§ WORK ORDER
For the records below, output word for word the lines from the one with "9ct Yellow Gold" up to and including the one with "日韩超仙小清新彩色超闪亮丝绒气质仙女粉色绿色爱心吊坠项链颈链". No pictures.

(THE INPUT Opens)

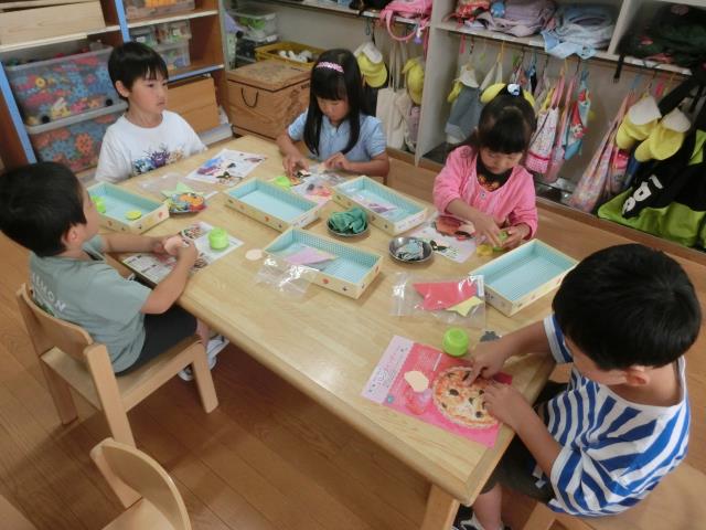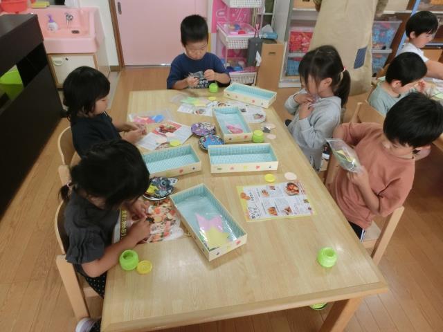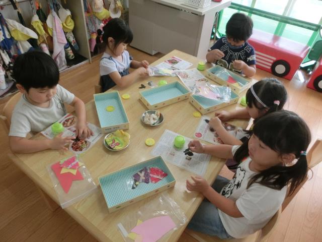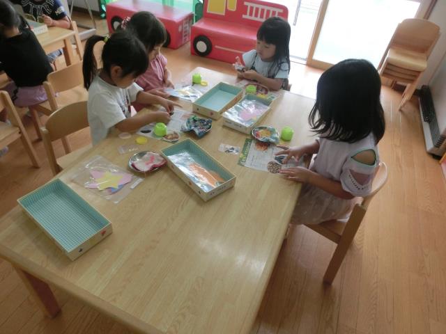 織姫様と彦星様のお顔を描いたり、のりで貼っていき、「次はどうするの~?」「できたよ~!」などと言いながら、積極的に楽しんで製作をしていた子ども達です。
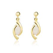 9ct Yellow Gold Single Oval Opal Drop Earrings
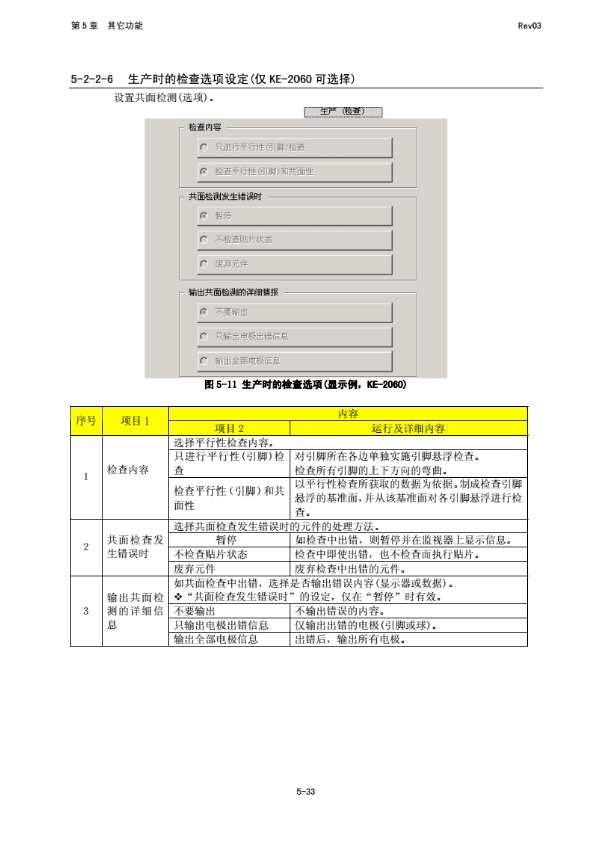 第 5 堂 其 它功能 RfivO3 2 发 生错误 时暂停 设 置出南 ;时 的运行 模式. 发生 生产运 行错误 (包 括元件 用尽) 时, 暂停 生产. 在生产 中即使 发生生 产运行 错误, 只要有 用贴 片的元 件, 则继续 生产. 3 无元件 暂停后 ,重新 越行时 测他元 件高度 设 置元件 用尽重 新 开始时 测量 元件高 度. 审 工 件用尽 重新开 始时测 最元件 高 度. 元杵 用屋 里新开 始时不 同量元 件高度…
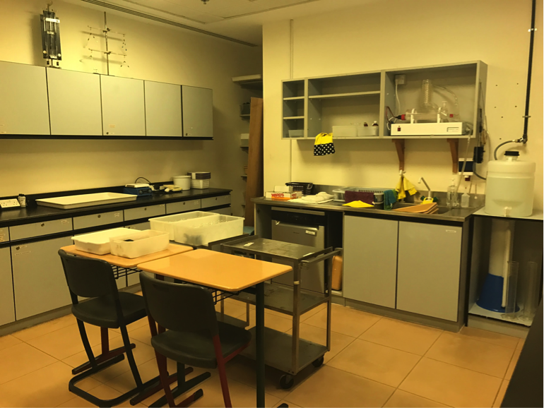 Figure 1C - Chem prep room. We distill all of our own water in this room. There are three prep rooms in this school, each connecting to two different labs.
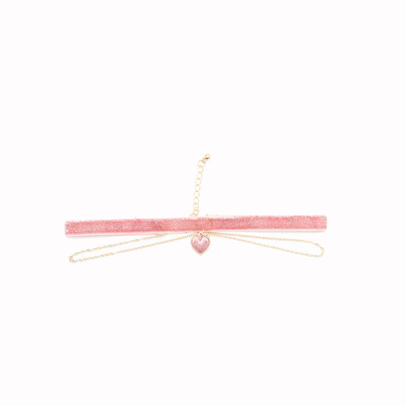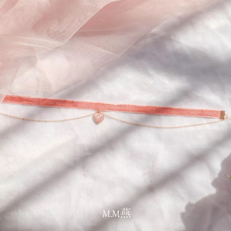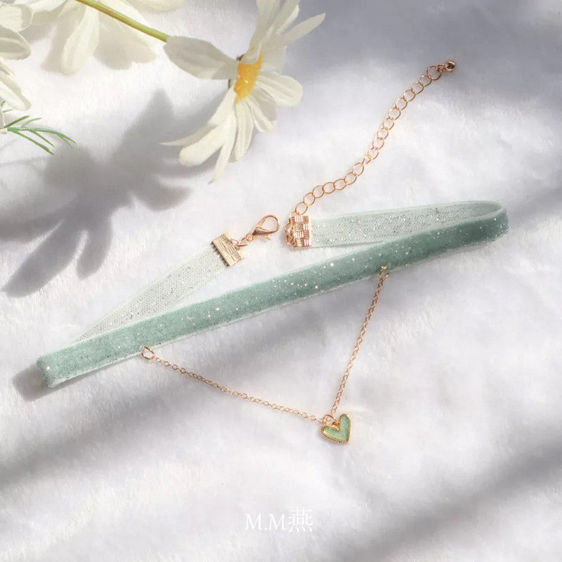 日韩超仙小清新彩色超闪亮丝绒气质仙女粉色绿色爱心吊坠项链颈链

(THE INPUT Closes)
(THE INPUT Opens)

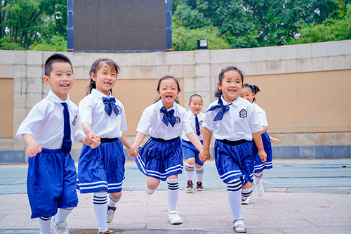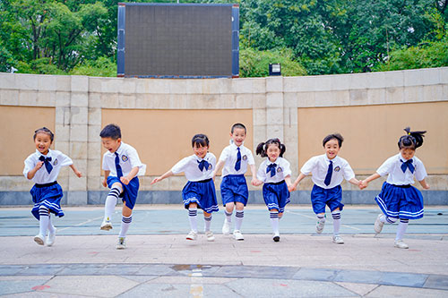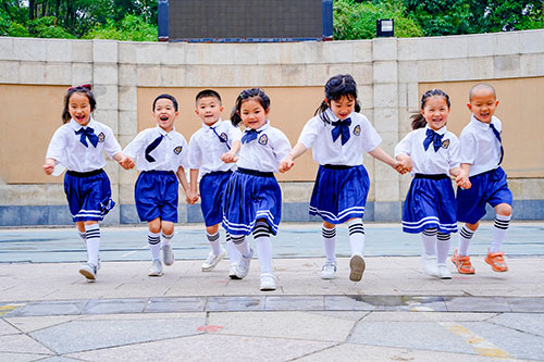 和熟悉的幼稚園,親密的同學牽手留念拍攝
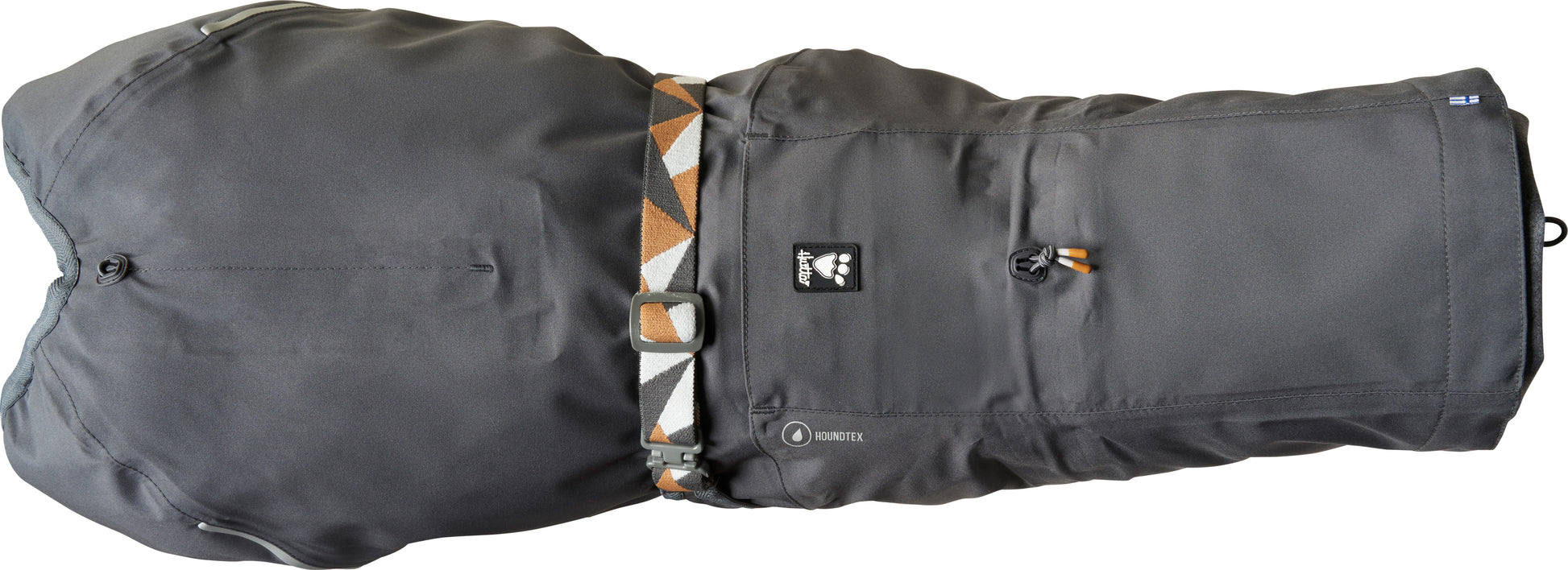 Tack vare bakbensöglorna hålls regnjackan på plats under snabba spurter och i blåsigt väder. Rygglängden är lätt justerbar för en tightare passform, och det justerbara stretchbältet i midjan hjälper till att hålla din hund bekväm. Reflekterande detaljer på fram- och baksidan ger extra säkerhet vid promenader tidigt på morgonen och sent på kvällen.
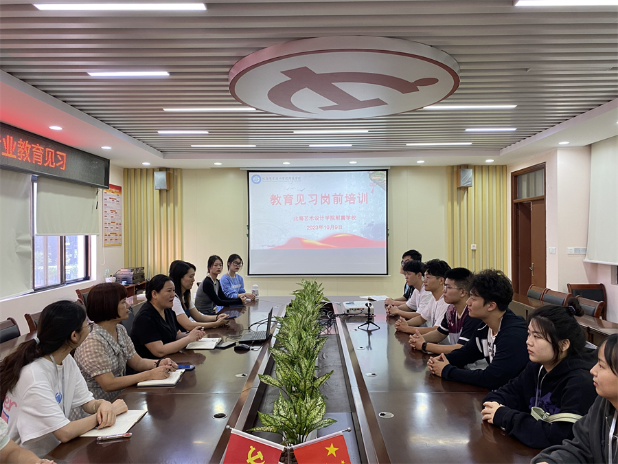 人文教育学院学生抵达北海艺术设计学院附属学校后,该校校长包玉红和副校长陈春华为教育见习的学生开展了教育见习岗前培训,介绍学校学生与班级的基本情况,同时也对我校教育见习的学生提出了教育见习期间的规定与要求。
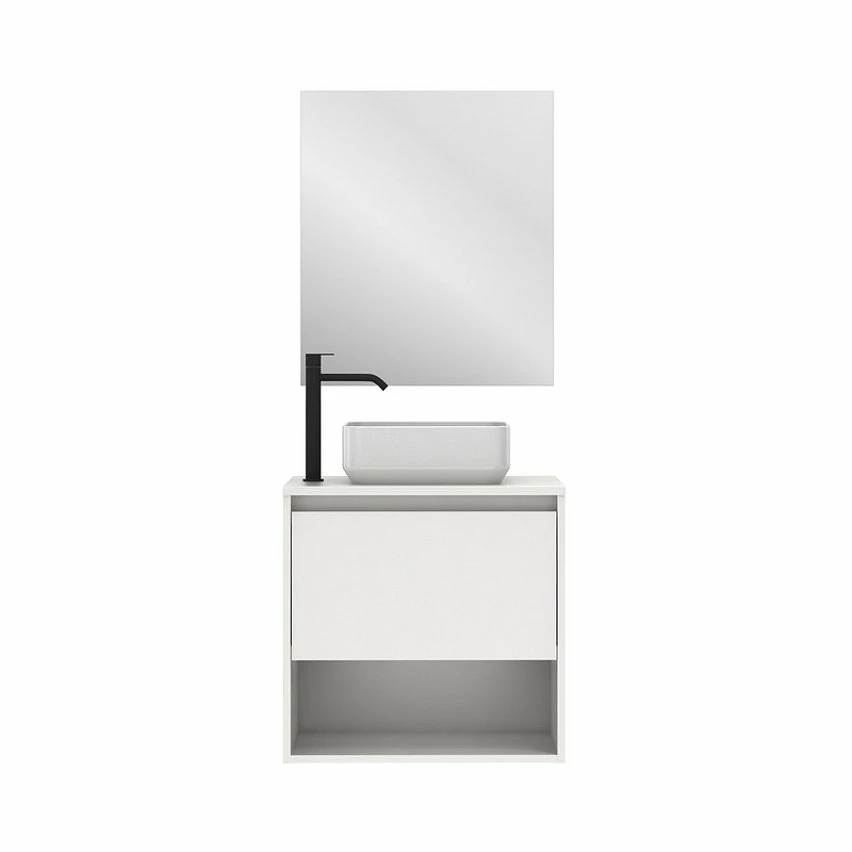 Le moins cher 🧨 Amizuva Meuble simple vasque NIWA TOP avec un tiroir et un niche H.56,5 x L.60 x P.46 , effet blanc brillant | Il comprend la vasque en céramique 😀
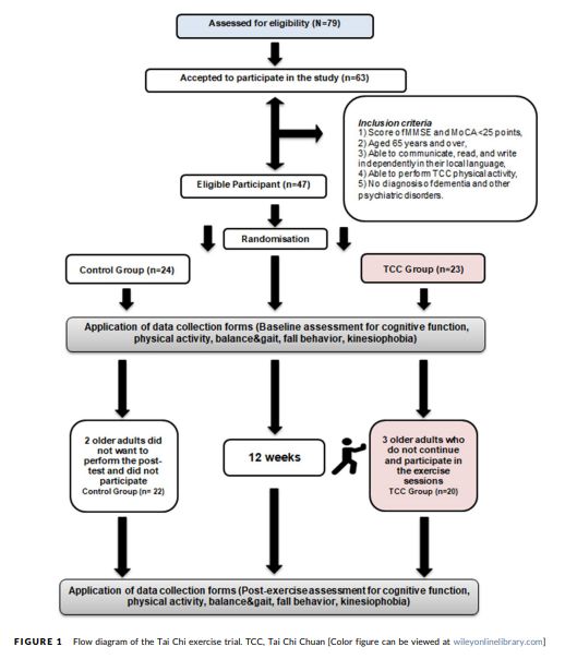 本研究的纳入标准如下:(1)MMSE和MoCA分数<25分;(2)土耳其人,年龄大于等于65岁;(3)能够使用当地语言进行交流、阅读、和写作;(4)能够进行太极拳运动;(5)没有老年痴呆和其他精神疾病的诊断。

(THE INPUT Closes)

§ RESULT FOR THIS EXERCISE
 9ct Yellow Gold Single Oval Opal Drop Earrings
 第 5 堂 其 它功能 RfivO3 2 发 生错误 时暂停 设 置出南 ;时 的运行 模式. 发生 生产运 行错误 (包 括元件 用尽) 时, 暂停 生产. 在生产 中即使 发生生 产运行 错误, 只要有 用贴 片的元 件, 则继续 生产. 3 无元件 暂停后 ,重新 越行时 测他元 件高度 设 置元件 用尽重 新 开始时 测量 元件高 度. 审 工 件用尽 重新开 始时测 最元件 高 度. 元杵 用屋 里新开 始时不 同量元 件高度…
 Figure 1C - Chem prep room. We distill all of our own water in this room. There are three prep rooms in this school, each connecting to two different labs.
 日韩超仙小清新彩色超闪亮丝绒气质仙女粉色绿色爱心吊坠项链颈链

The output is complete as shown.